SubVersion Stop 227: InfiniteSloth is: "Looking for repetitive drone-like compositions"

This thread was posted in the first week of June 2014 on Subvert Central - here's the link:

"Maybe sparse, but mostly a repetition of the same note or chord" Nic TVG, aka InfiniteSloth begins. It's an interesting subject this - there is an awful lot of drone about, but the trend in the last 5 years - 2009-2014,  has been to fragment structures of ambience into more abstract, yet paradoxically song-based compositions. Just look at how "And Their Refinement Of The Decline" from 2007, posted by me, by landmark artists Stars Of The Lid (Adam Wiltzie & Brian Mcbride) has become "a start" for this topic. As an expert in the ambient field I was humble enough to avoid including my own compositions, and also because they're not entirely drone-based. Yet artists all over have lost the holy grail of minimalism over time - just the other week for instance I was suggested to be "stretching ideas too thin" - I was changing stuff around quickly, not letting it time to ferment and develop potency. This pattern has scatter-gunned throughout the ambient, drone and contemporary classical mecca, and no one no longer stands for a specfic style of drone.

Drone being what constitutes ambience in all music, it's all in the feedback for starters. So I thought: "you want ultra minimal? Try some Paul Bradley then". Here's the link to one of the best minimal drone LPs out there, as recommended by Dave at Low Light Mixes:

Nic said he wanted stuff like this, so hopefully more contributions from far and wide will follow. :)

"If the first 50 seconds of Greg Haines - Snow Airport were looped for several minutes, but played by a human and not synthetically looped. That's what I'm on the hunt for."

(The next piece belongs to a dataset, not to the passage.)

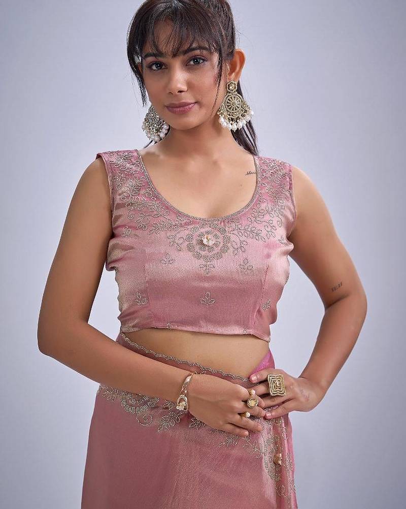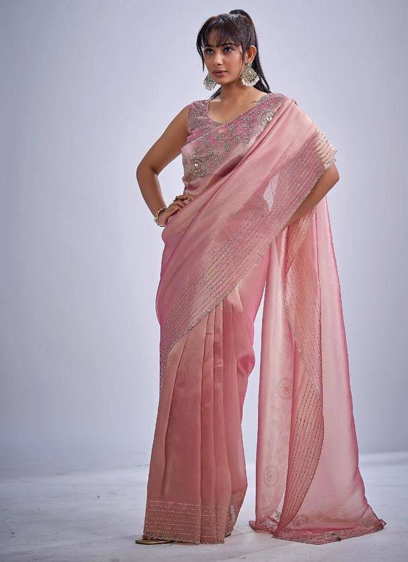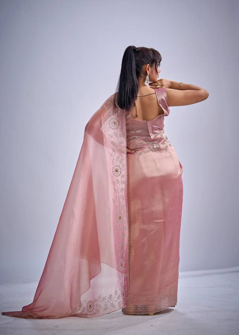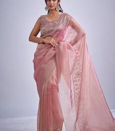 Pink color kanjivaram pure silk zircon cutdana & sequence handwork saree

Statto references lauded composers Eliane Radigue and Pauline Oliveros. "Naphta posted a video of Eliane Radigue on June 2nd (on Facebook), which was the first I had heard of her.

Eliane Radigue - French
Pauline Oliveros - American
Daphne Oram - British

...and all composing from the 50s on." states Nic. 

The post by cube references long-time industrialists Coil (Peter Christopherson passed away in 2010) with a video for the LP "Time Machines". I haven't heard this yet but I loved "Musik 2 Play In The Dark". He also posts one of his own tracks as ennui (I have a download of his "Mindstate Disposition").